Cosa avviene nel Training Autogeno

Cosa succede in una seduta di Training Autogeno

posizione distesa training autogeno

Training Autogeno cosa accade

Se si è in attesa di una visita può capitare di credere erroneamente di udire suonare il campanello della porta, la paura di balbettare, arrossire o sudare agisce al contrario: provoca proprio che le nostre paure si realizzino facendo palesare le situazioni che vorremmo evitare. Il desiderio di una gravidanza può portare a una alterazione negli organi in modo da simulare la gravidanza stessa, è noto il caso di un uomo che, rimasto chiuso in un carro frigorifero, morì assiderato nonostante che il carro non fosse in funzione.

La morte avvenne proprio per assideramento, con tutti i conseguenti sintomi, stiamo parlando di autosuggestione un fenomeno che ciascuno di noi conosce per esperienza personale. Il nostro corpo, le nostre percezioni sono a tal punto influenzate dalla mente che possiamo percepire cose che non esistono, se lo vogliamo. Non solo le percezioni possono essere modificate auto-suggestivamente, ma anche le funzioni fisiologiche , come l'irrorazione sanguigna degli arti e l'attività intestinale: la frequenza del polso può essere aumentata o diminuita, come ben sanno coloro che praticano attività di immersione in apnea. Queste considerazioni ci indicano la via da seguire negli esercizi, se per esempio si vogliono rilassare i muscoli di un braccio, ci si deve concentrare sullo stato di rilassamento, immaginarlo, viverlo interiormente. Lo sciogliersi della tensione muscolare si manifesterà come una sensazione di pesantezza. Nel training autogeno ci concentriamo dunque sulla frase: il braccio è pesante. Il processo dell'immaginazione è determinante per un buon andamento del vostro allenamento. Un'immagine, una rappresentazione plasma e modifica le nostre funzioni psichiche e vegetative nel senso che realizza la nostra idea. L'immagine diventa realtà, le ansie e le tensioni scompaiono realmente (gli scettici potrebbero controllare tutto ciò con opportune misurazioni).

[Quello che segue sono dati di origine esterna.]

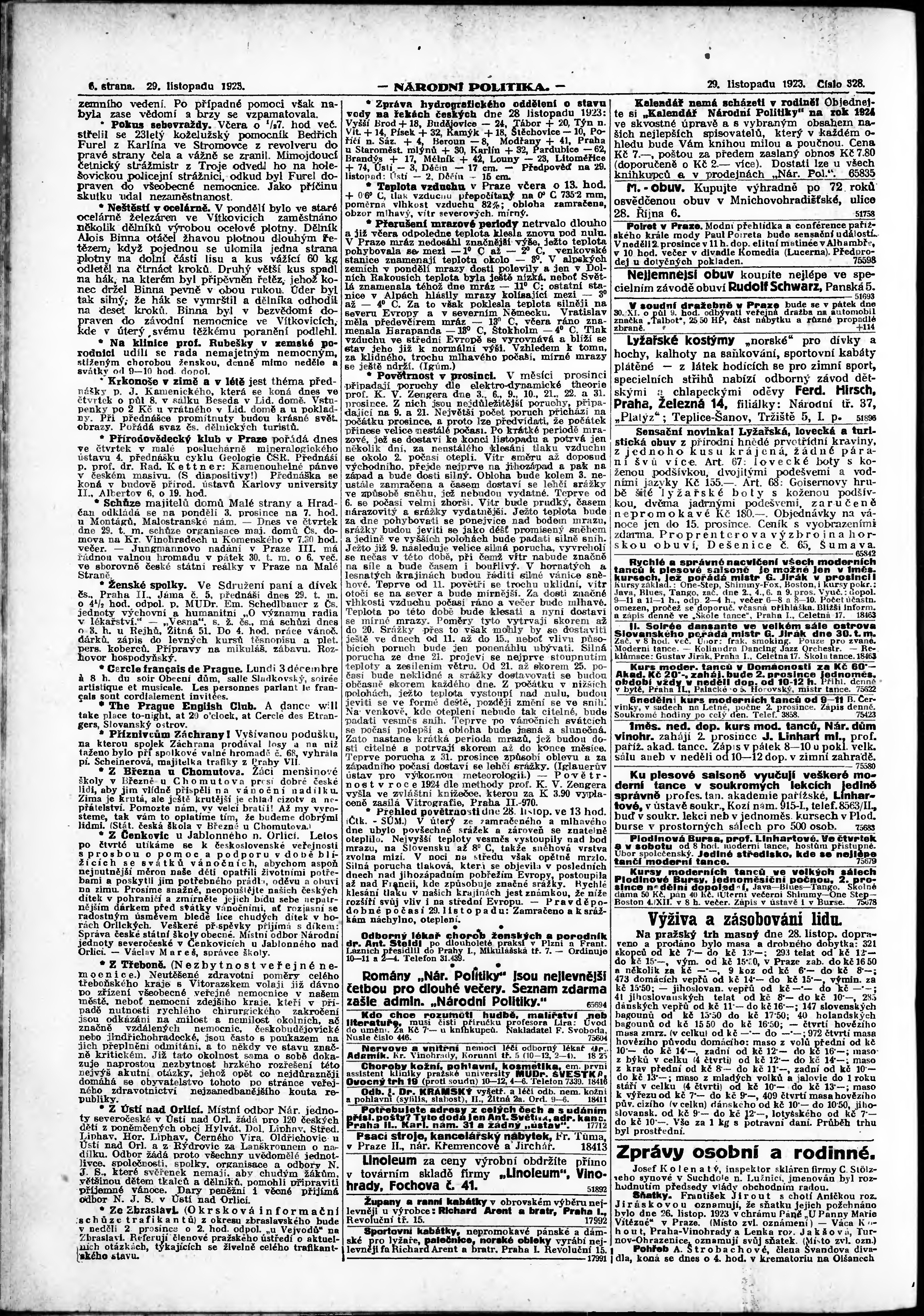 * Datum vydání výtisku: 29.11.1923 Číslo výtisku: 328 Poznámky k výtisku: ranní vydání; vydání pro Prahu;
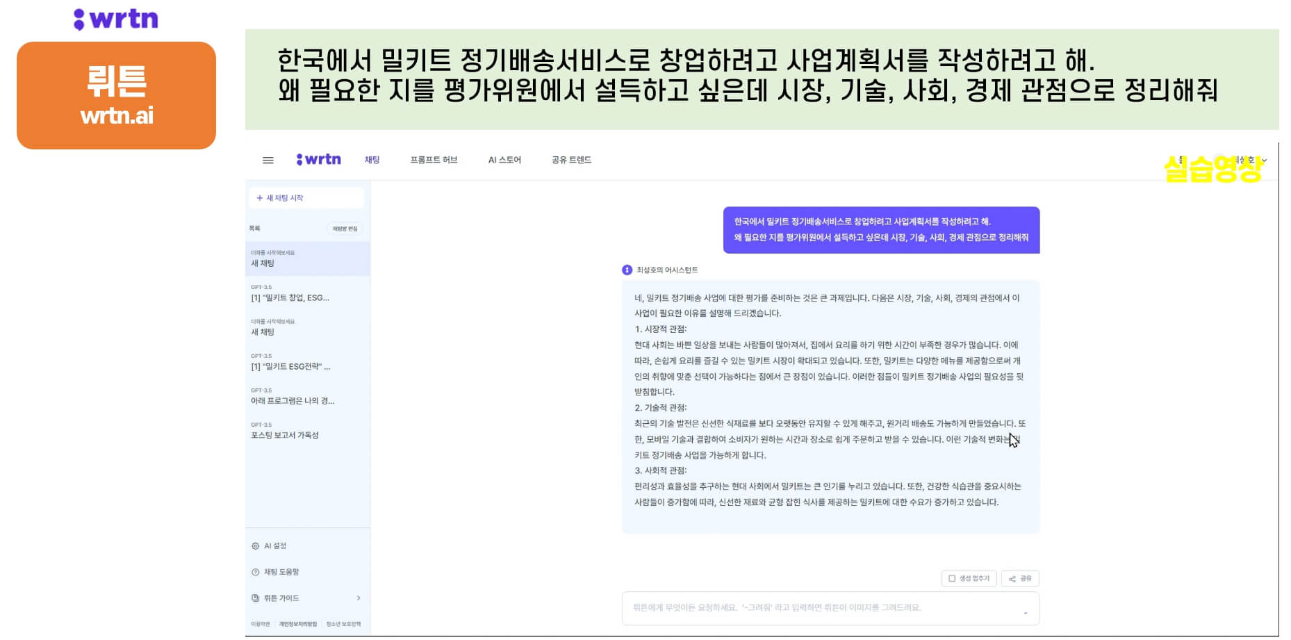 다음은 뤼튼입니다.
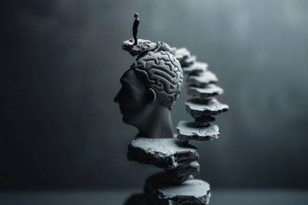 This stock illustration depicts the intricate and multifaceted nature of depression, capturing the diverse range of emotions and states of mind that individuals with this condition may experience.
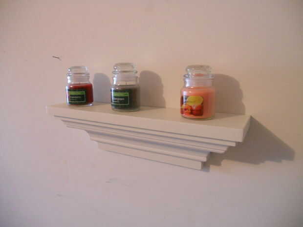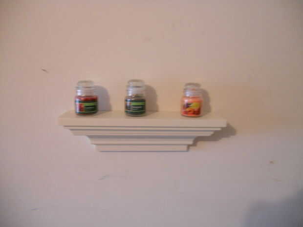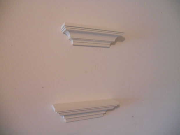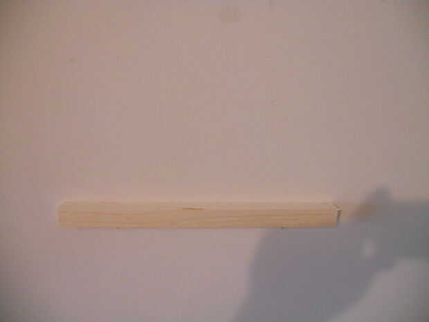 Empuje el estante sobre la cuña y poner en los dos tornillos de la tapa, mantenga apretado contra la pared mientras haces esto.
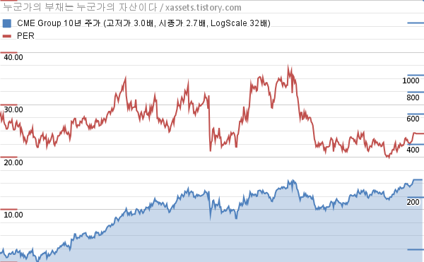 시카고 거래소 그룹 PER 차트 (2015년~2025년)

E' per questo che, per condurre allo stato di quiete i vari settori del corpo che prendiamo in esame con i sei esercizi che descriverò in altri scritti, ci raffiguriamo mentalmente, attraverso le formule, la sensazione che si avverte quando si realizza la distensione. Ad esempio, quando siamo profondamente rilassati i nostri vasi sanguigni si dilatano, il sangue circola più fluidamente e, per il conseguente aumento dell'irrorazione cutanea, avvertiamo calore. Benissimo: ci rappresenteremo mentalmente il nostro corpo e lo immagineremo caldo; pronunciando mentalmente la formula: “Il mio corpo è caldo”, prima o poi avvertiremo realmente una progressiva propagazione di calore. Affinché il meccanismo dell'autosuggestione possa davvero funzionare è importante rimanere passivi. Voler sentire qualcosa perché ce lo imponiamo porta al risultato opposto, infatti non è attraverso un ordine perentorio che passa il messaggio suggestivo, ma attraverso il suggerimento di una idea, l'immaginazione di qualcosa che può succedere, che sta per succedere. Il processo è identico a quello usato dagli sciamani nelle loro ritualità ed esperimenti (nel periodo nel quale stanno apprendendo).

Dobbiamo in un certo qual modo prenderci gioco di noi stessi, suggerendoci sensazioni di piacevole rilassamento, cullarci ripetendo le formule in modo monotono e ritmato, portando pazienza nel frattempo. In questo modo risveglieremo in noi una immagine così vivida di ciò che ci aspettiamo che accada da farlo accadere davvero, esattamente come succede nei riti esoterici e sciamanici.